The comparison of eutopic with ectopic endometrium revealed increased expression of claudin-1, -5, -6, -9, -11, -15, -17, and -22 (Table 4). Remarkably, claudin-11 showed the highest scores of increased ectopic gene expression ranging from 54.5 up to 100 (Table 4). Claudin-2, -3, -4, -7, -10, and -22 demonstrated a slight to modest decreased expression in ectopic endometrium compared to eutopic endometrium (Table 4). Furthermore, TGF-β3 expression was also increased in ectopic endometrium compared to eutopic endometrium (Table 4).

Discussion

In this study, the comparison of the eutopic endometrium with and without endometriosis revealed only a slight difference (0.92%) in mRNA expression. Accordingly, there were very few changes in the EMT-associated genes. Only some claudins (N=3) and TGF-β3 were abnormally expressed, whereas expression of the other EMT-associated genes were not mentioned in more than one study. In contrast, comparison of eutopic endometrium with ectopic endometrium showed a clearly higher number (4.74%) of impaired gene expression.
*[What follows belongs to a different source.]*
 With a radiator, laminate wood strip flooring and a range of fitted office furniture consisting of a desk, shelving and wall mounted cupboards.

Similarly, more claudins (N=15) and TGF-β3 were abnormally expressed, while EMT-regulating transcription factors such ZEB1, and Snail1/2 (Slug), were not described in more than one study. Of note, mRNA expression of claudin-11 was often strongly increased in ectopic endometrium compared to eutopic endometrium. Overall, it was noticeable that ovarian endometriosis was examined very frequently, but peritoneal and deep infiltrating endometriosis only very rarely. No study has up to date examined the proportion of stroma and epithelium in the eutopic and ectopic endometrium, which is possible using markers such as CD10 and keratins. Only one study using cell picking, revealed no differences in gene expression between eutopic and ectopic endometrium [38].
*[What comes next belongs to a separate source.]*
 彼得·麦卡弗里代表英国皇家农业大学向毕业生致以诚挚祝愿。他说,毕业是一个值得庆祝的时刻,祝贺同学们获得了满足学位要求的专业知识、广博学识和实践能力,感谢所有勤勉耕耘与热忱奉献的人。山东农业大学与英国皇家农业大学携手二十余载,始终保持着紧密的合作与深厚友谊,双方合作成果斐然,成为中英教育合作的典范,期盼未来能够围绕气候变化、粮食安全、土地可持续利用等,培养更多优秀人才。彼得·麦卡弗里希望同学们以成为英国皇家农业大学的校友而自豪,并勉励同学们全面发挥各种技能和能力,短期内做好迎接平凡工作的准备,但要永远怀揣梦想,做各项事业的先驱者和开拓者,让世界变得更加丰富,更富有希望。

Our observation that there are only very few differences in eutopic endometrium with and without endometriosis is supported by a recently published meta-analysis, which did not show a single differently expressed gene in the mid-secretory phase [46]. Remarkably two other studies about miRNAs [47] and methylation patterns [48] also reported similar results. Methylation pattern revealed only 1 of 42.990 probes (0.002%) to be different between eutopic endometrium with and without endometriosis, while 12378 methylation patterns (28.8%) were dissimilar between eutopic and ectopic endometrium [47]. Similarly, the microRNA differences between eutopic endometrium with and without endometriosis was comparatively low with 15/1105 (=1.36%) but noticeably more frequent between eutopic and ectopic endometrium 156/1105 (=14.1%) [48]. These studies are consistent with our results that changes in eutopic endometrium with and without endometriosis are minimal, and that the differences between eutopic and ectopic endometrium are clearly larger.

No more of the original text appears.